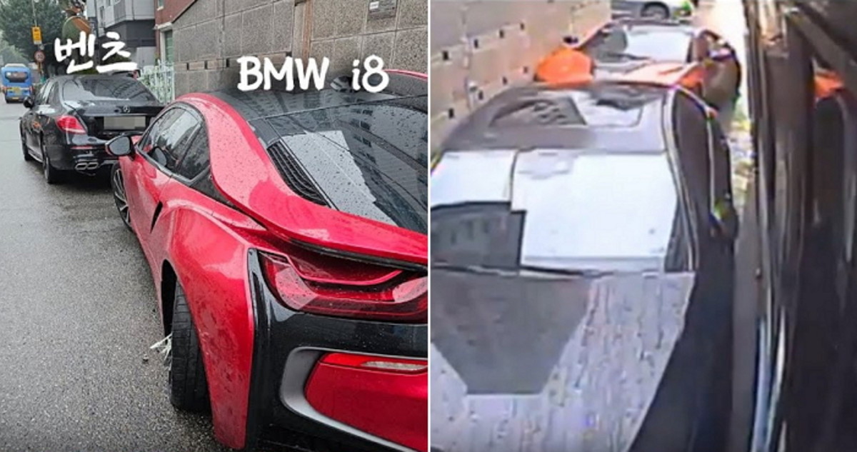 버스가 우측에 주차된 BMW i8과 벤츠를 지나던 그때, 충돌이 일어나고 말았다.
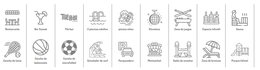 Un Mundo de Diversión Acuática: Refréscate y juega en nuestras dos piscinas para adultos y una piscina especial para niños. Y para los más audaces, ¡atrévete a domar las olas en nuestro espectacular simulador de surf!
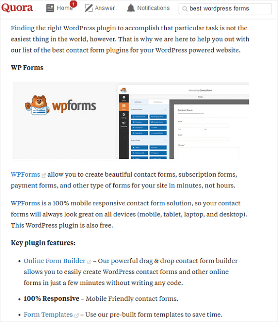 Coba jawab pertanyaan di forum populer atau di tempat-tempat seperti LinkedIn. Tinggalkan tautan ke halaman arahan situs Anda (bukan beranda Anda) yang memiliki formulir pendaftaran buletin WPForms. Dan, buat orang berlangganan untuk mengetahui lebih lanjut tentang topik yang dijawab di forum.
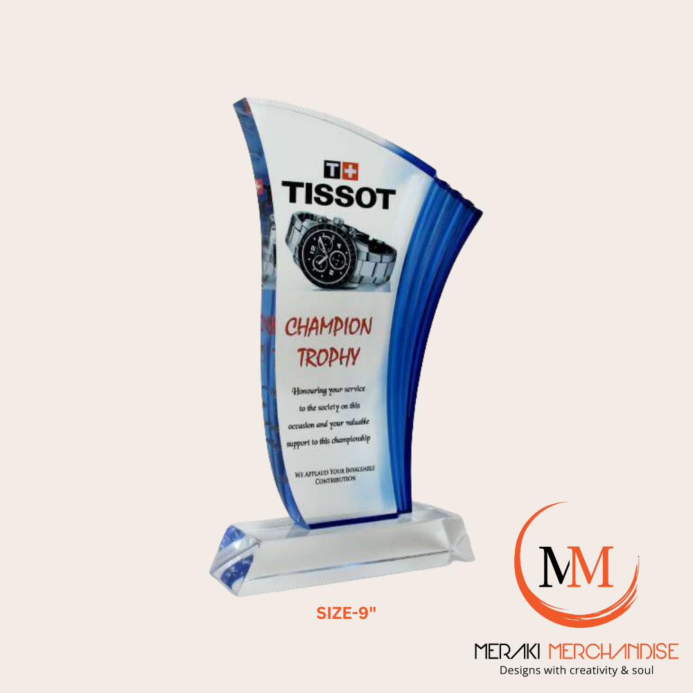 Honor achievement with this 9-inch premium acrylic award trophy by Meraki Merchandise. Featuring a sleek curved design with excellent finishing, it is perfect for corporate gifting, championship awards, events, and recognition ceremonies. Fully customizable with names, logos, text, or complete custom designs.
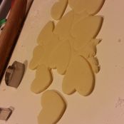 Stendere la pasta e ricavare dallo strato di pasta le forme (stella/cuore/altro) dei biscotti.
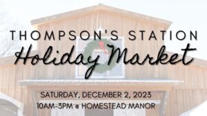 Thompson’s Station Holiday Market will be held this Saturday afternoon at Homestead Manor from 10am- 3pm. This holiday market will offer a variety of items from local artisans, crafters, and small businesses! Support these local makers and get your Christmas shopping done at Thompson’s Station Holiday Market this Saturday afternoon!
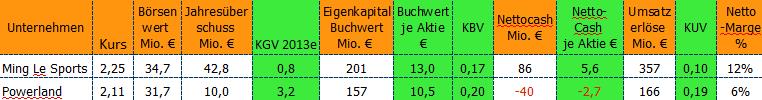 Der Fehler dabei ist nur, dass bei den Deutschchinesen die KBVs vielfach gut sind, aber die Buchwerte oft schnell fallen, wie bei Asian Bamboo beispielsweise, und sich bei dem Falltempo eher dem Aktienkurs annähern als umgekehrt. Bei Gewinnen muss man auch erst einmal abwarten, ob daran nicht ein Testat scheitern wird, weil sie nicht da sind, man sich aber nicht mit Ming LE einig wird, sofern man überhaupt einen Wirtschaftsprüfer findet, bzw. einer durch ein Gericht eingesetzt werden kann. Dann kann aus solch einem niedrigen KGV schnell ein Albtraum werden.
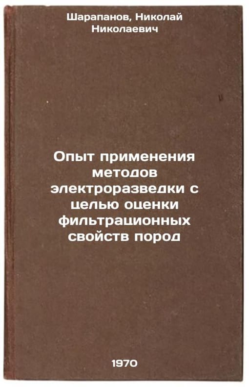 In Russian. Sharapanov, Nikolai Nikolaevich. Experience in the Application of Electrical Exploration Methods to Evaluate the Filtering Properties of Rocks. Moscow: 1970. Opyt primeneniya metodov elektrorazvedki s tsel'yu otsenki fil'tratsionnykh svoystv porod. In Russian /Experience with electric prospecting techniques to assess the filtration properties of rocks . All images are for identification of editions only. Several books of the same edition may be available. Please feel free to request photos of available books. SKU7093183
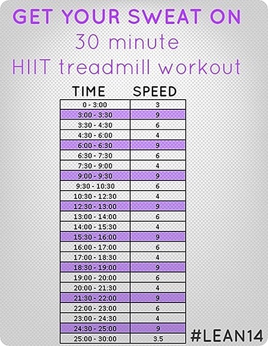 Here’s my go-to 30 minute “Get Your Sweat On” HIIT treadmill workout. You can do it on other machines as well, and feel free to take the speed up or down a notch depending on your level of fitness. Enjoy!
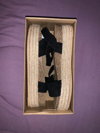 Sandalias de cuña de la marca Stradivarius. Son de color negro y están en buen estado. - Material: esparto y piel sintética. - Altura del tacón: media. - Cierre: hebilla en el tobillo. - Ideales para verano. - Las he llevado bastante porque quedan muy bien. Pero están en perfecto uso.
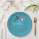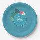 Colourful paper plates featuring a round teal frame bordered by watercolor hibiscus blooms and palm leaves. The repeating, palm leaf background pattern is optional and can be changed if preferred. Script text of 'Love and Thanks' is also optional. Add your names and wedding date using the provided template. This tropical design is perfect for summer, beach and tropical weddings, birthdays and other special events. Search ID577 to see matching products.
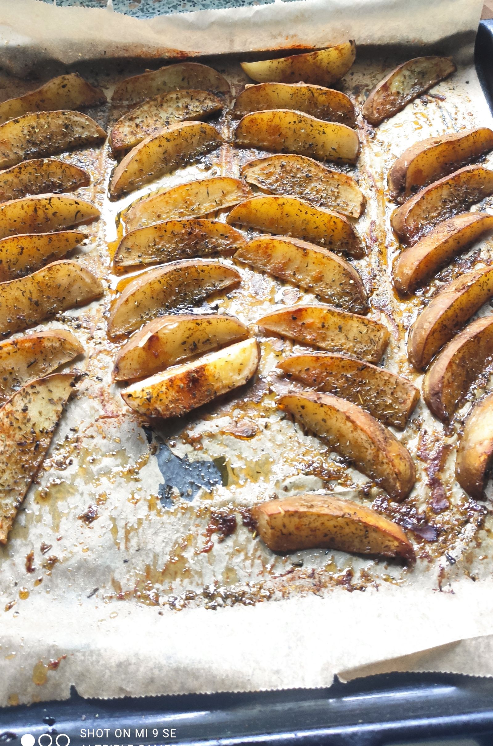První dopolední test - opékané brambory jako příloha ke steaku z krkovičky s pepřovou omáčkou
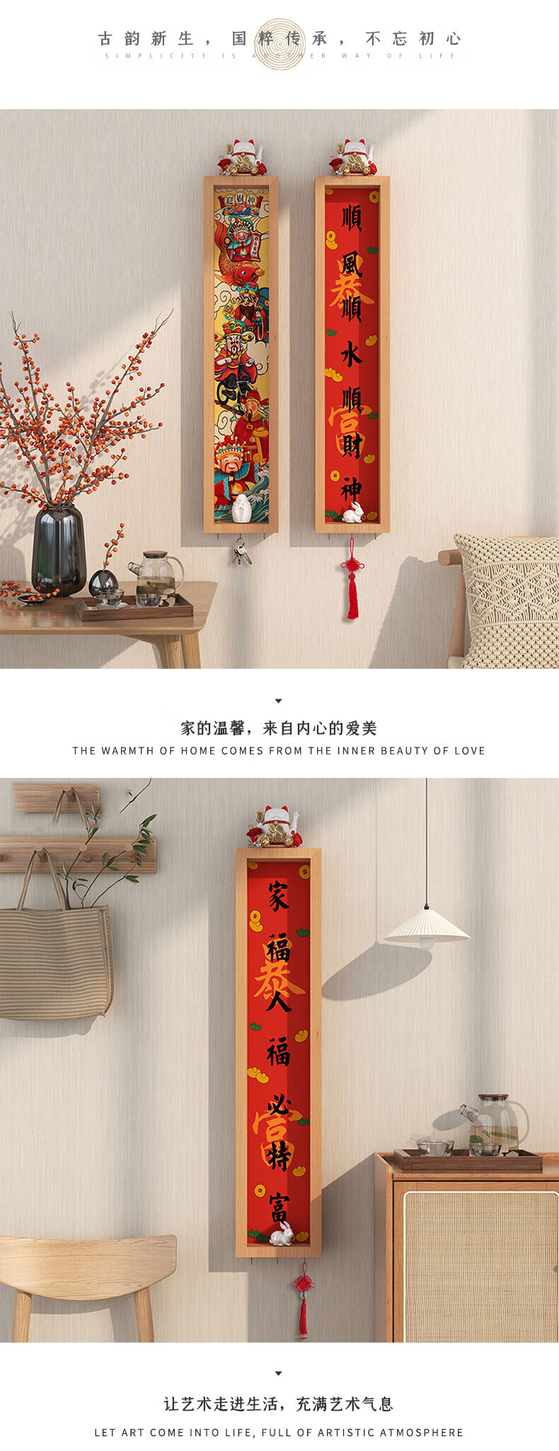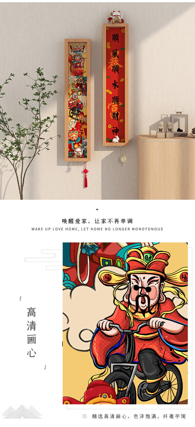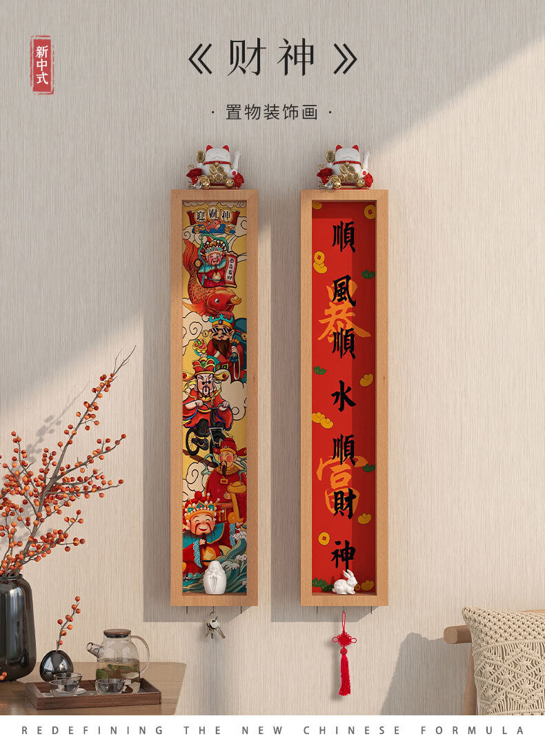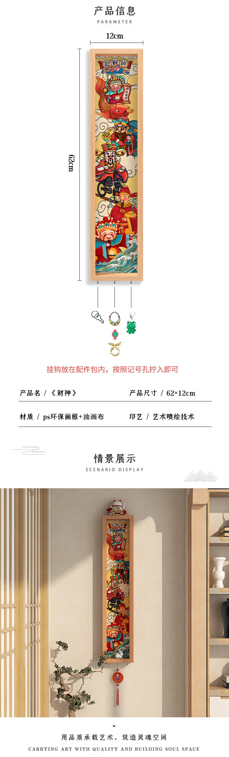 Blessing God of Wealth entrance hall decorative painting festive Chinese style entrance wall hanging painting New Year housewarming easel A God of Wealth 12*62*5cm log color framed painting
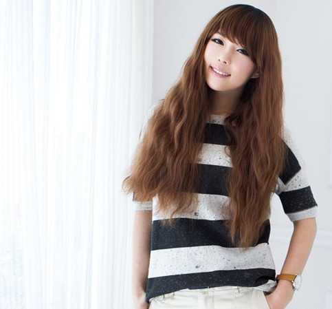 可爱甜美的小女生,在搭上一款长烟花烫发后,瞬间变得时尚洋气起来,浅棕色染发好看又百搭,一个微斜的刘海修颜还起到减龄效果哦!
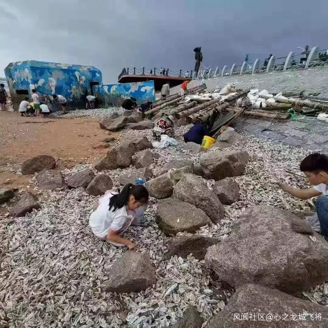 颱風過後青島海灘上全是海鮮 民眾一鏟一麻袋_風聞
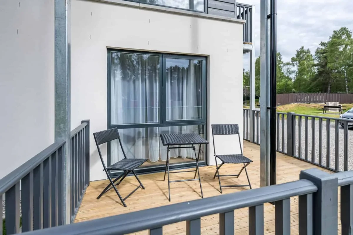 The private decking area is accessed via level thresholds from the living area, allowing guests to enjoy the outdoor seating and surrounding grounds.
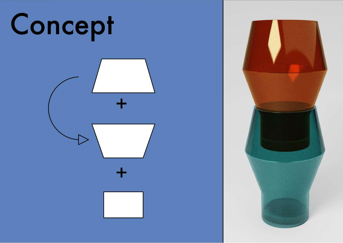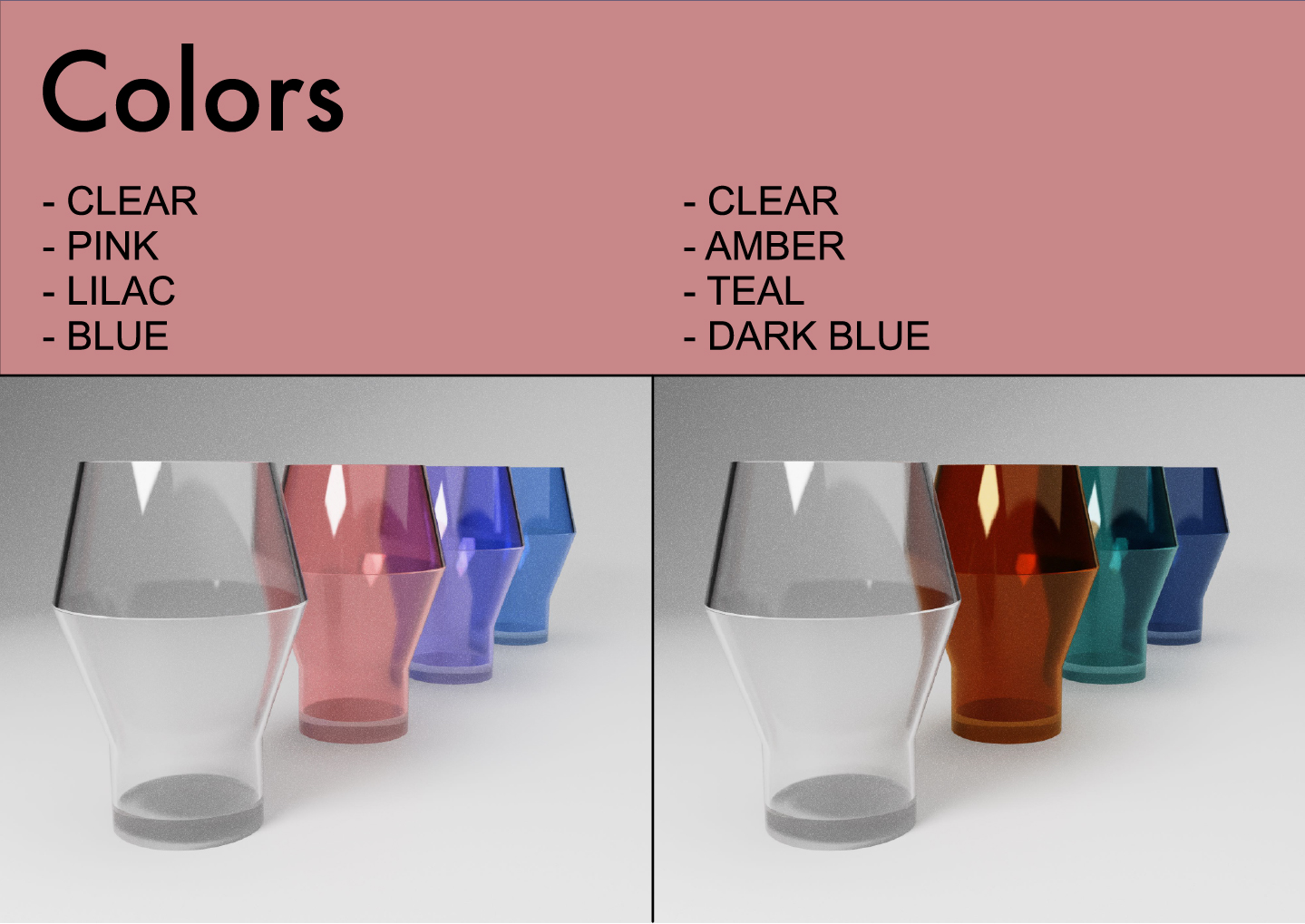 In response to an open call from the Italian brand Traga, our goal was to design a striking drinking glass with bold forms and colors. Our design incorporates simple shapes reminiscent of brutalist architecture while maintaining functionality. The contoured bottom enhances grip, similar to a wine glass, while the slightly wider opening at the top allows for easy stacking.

● ● ● ● ●

TASK PROMPT:
Omitting all pictures, give the preceding listing again exactly.

RESULT BELOW:
 버스가 우측에 주차된 BMW i8과 벤츠를 지나던 그때, 충돌이 일어나고 말았다.
 Un Mundo de Diversión Acuática: Refréscate y juega en nuestras dos piscinas para adultos y una piscina especial para niños. Y para los más audaces, ¡atrévete a domar las olas en nuestro espectacular simulador de surf!
 Coba jawab pertanyaan di forum populer atau di tempat-tempat seperti LinkedIn. Tinggalkan tautan ke halaman arahan situs Anda (bukan beranda Anda) yang memiliki formulir pendaftaran buletin WPForms. Dan, buat orang berlangganan untuk mengetahui lebih lanjut tentang topik yang dijawab di forum.
 Honor achievement with this 9-inch premium acrylic award trophy by Meraki Merchandise. Featuring a sleek curved design with excellent finishing, it is perfect for corporate gifting, championship awards, events, and recognition ceremonies. Fully customizable with names, logos, text, or complete custom designs.
 Stendere la pasta e ricavare dallo strato di pasta le forme (stella/cuore/altro) dei biscotti.
 Thompson’s Station Holiday Market will be held this Saturday afternoon at Homestead Manor from 10am- 3pm. This holiday market will offer a variety of items from local artisans, crafters, and small businesses! Support these local makers and get your Christmas shopping done at Thompson’s Station Holiday Market this Saturday afternoon!
 Der Fehler dabei ist nur, dass bei den Deutschchinesen die KBVs vielfach gut sind, aber die Buchwerte oft schnell fallen, wie bei Asian Bamboo beispielsweise, und sich bei dem Falltempo eher dem Aktienkurs annähern als umgekehrt. Bei Gewinnen muss man auch erst einmal abwarten, ob daran nicht ein Testat scheitern wird, weil sie nicht da sind, man sich aber nicht mit Ming LE einig wird, sofern man überhaupt einen Wirtschaftsprüfer findet, bzw. einer durch ein Gericht eingesetzt werden kann. Dann kann aus solch einem niedrigen KGV schnell ein Albtraum werden.
 In Russian. Sharapanov, Nikolai Nikolaevich. Experience in the Application of Electrical Exploration Methods to Evaluate the Filtering Properties of Rocks. Moscow: 1970. Opyt primeneniya metodov elektrorazvedki s tsel'yu otsenki fil'tratsionnykh svoystv porod. In Russian /Experience with electric prospecting techniques to assess the filtration properties of rocks . All images are for identification of editions only. Several books of the same edition may be available. Please feel free to request photos of available books. SKU7093183
 Here’s my go-to 30 minute “Get Your Sweat On” HIIT treadmill workout. You can do it on other machines as well, and feel free to take the speed up or down a notch depending on your level of fitness. Enjoy!
 Sandalias de cuña de la marca Stradivarius. Son de color negro y están en buen estado. - Material: esparto y piel sintética. - Altura del tacón: media. - Cierre: hebilla en el tobillo. - Ideales para verano. - Las he llevado bastante porque quedan muy bien. Pero están en perfecto uso.
 Colourful paper plates featuring a round teal frame bordered by watercolor hibiscus blooms and palm leaves. The repeating, palm leaf background pattern is optional and can be changed if preferred. Script text of 'Love and Thanks' is also optional. Add your names and wedding date using the provided template. This tropical design is perfect for summer, beach and tropical weddings, birthdays and other special events. Search ID577 to see matching products.
První dopolední test - opékané brambory jako příloha ke steaku z krkovičky s pepřovou omáčkou
 Blessing God of Wealth entrance hall decorative painting festive Chinese style entrance wall hanging painting New Year housewarming easel A God of Wealth 12*62*5cm log color framed painting
 可爱甜美的小女生,在搭上一款长烟花烫发后,瞬间变得时尚洋气起来,浅棕色染发好看又百搭,一个微斜的刘海修颜还起到减龄效果哦!
 颱風過後青島海灘上全是海鮮 民眾一鏟一麻袋_風聞
 The private decking area is accessed via level thresholds from the living area, allowing guests to enjoy the outdoor seating and surrounding grounds.
 In response to an open call from the Italian brand Traga, our goal was to design a striking drinking glass with bold forms and colors. Our design incorporates simple shapes reminiscent of brutalist architecture while maintaining functionality. The contoured bottom enhances grip, similar to a wine glass, while the slightly wider opening at the top allows for easy stacking.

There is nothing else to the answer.